- [PROBLEM REQUIREMENTS]
A faithful copy of the entries is needed, one that leaves out the pictures.

- [DATA PROVIDED]
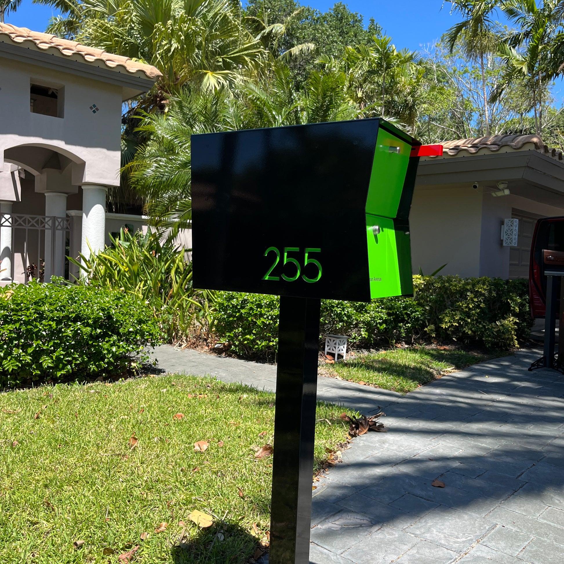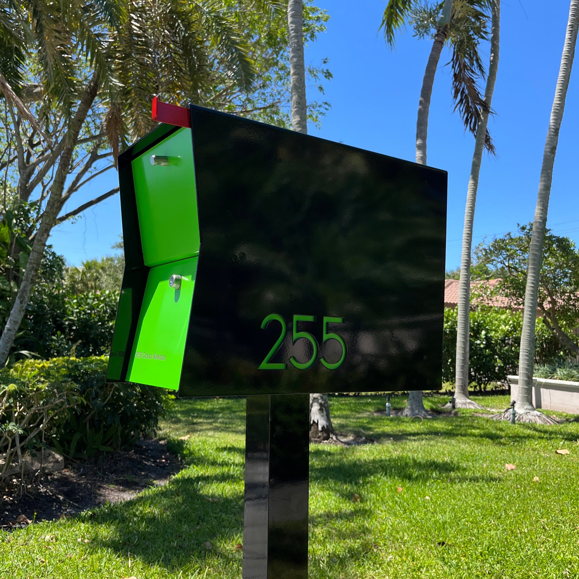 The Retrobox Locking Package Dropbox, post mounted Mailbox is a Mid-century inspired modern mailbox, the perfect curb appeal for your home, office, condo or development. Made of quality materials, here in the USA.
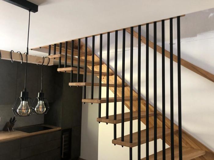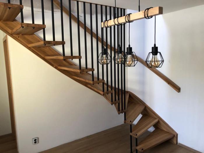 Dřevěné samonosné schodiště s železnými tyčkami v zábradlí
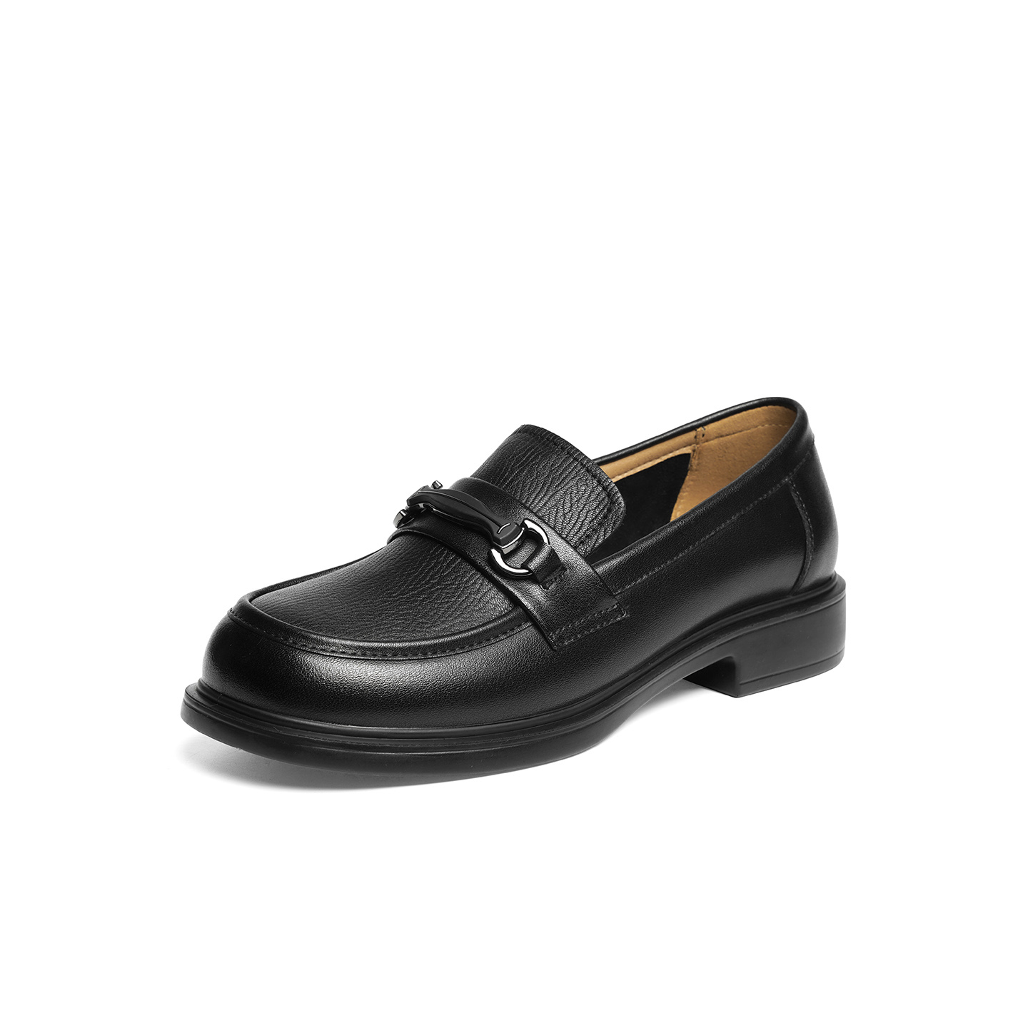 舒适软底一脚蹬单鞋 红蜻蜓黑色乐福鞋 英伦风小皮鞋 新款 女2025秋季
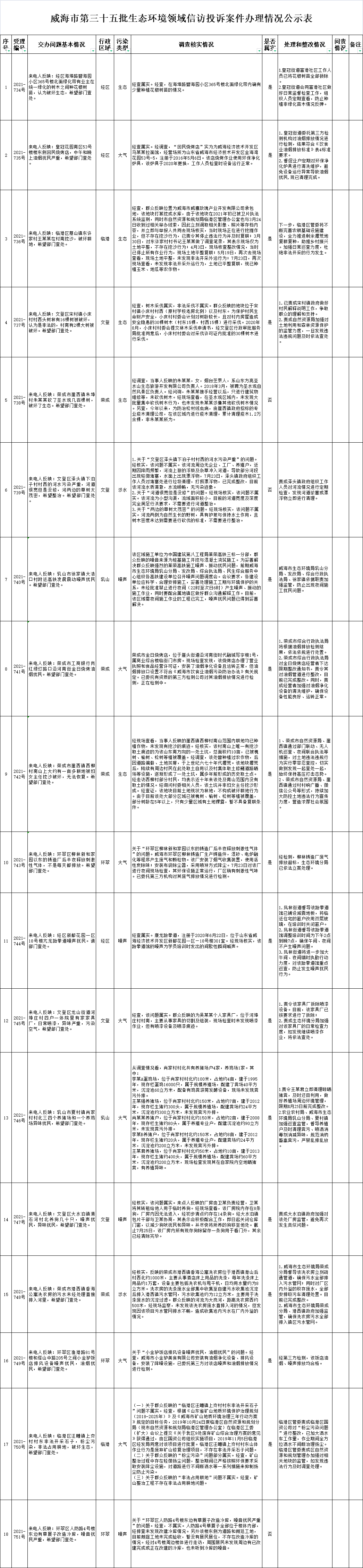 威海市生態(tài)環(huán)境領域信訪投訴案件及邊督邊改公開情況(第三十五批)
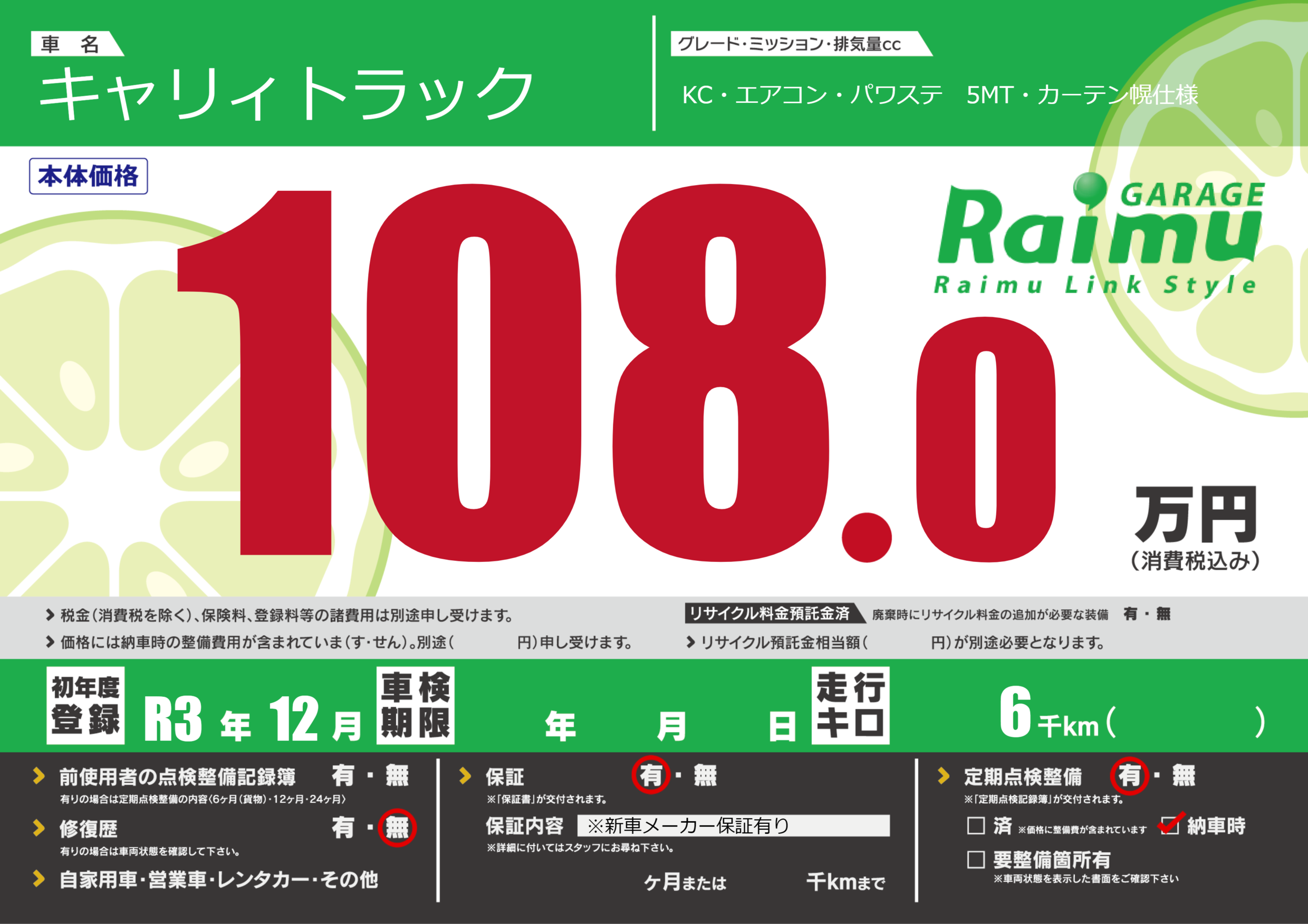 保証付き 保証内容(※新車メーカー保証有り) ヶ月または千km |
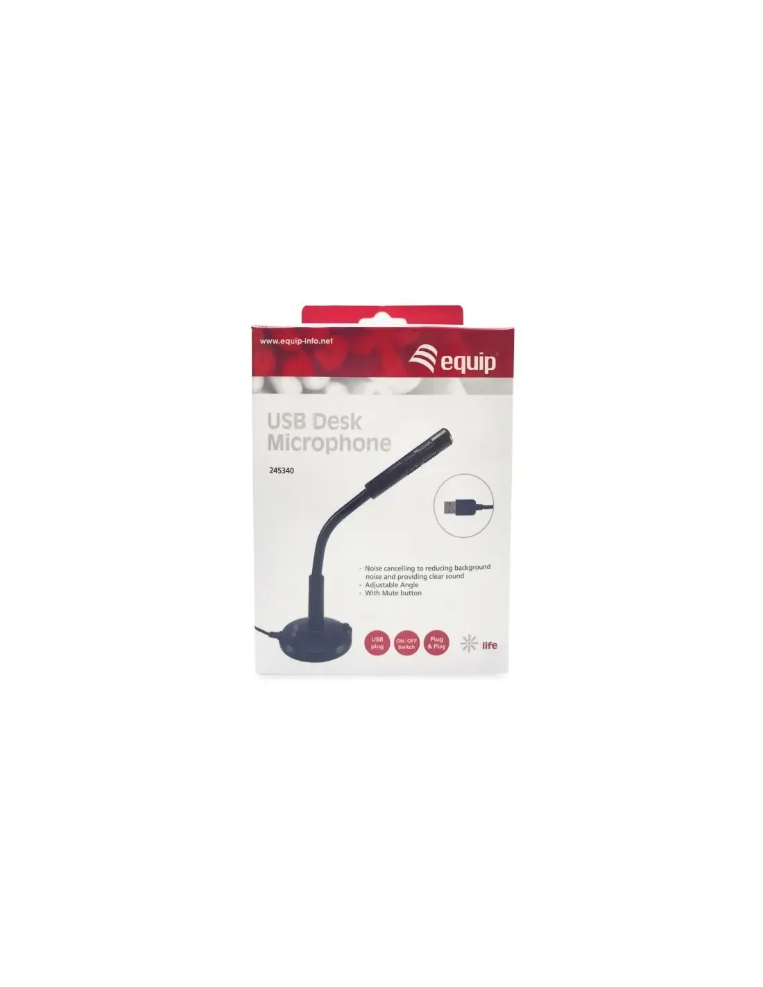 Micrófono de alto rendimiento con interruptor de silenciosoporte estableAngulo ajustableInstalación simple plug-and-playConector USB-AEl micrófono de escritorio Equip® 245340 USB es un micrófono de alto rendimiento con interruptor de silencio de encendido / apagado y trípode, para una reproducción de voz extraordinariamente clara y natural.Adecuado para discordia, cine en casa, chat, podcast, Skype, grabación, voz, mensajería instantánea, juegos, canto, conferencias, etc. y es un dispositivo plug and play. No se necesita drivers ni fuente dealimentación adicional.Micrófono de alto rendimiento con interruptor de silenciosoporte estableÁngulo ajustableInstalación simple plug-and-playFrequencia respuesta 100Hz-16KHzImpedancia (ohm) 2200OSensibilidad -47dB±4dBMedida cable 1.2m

- [YOUR RESPONSE]
 The Retrobox Locking Package Dropbox, post mounted Mailbox is a Mid-century inspired modern mailbox, the perfect curb appeal for your home, office, condo or development. Made of quality materials, here in the USA.
 Dřevěné samonosné schodiště s železnými tyčkami v zábradlí
 舒适软底一脚蹬单鞋 红蜻蜓黑色乐福鞋 英伦风小皮鞋 新款 女2025秋季
 威海市生態(tài)環(huán)境領域信訪投訴案件及邊督邊改公開情況(第三十五批)
 保証付き 保証内容(※新車メーカー保証有り) ヶ月または千km |
 Micrófono de alto rendimiento con interruptor de silenciosoporte estableAngulo ajustableInstalación simple plug-and-playConector USB-AEl micrófono de escritorio Equip® 245340 USB es un micrófono de alto rendimiento con interruptor de silencio de encendido / apagado y trípode, para una reproducción de voz extraordinariamente clara y natural.Adecuado para discordia, cine en casa, chat, podcast, Skype, grabación, voz, mensajería instantánea, juegos, canto, conferencias, etc. y es un dispositivo plug and play. No se necesita drivers ni fuente dealimentación adicional.Micrófono de alto rendimiento con interruptor de silenciosoporte estableÁngulo ajustableInstalación simple plug-and-playFrequencia respuesta 100Hz-16KHzImpedancia (ohm) 2200OSensibilidad -47dB±4dBMedida cable 1.2m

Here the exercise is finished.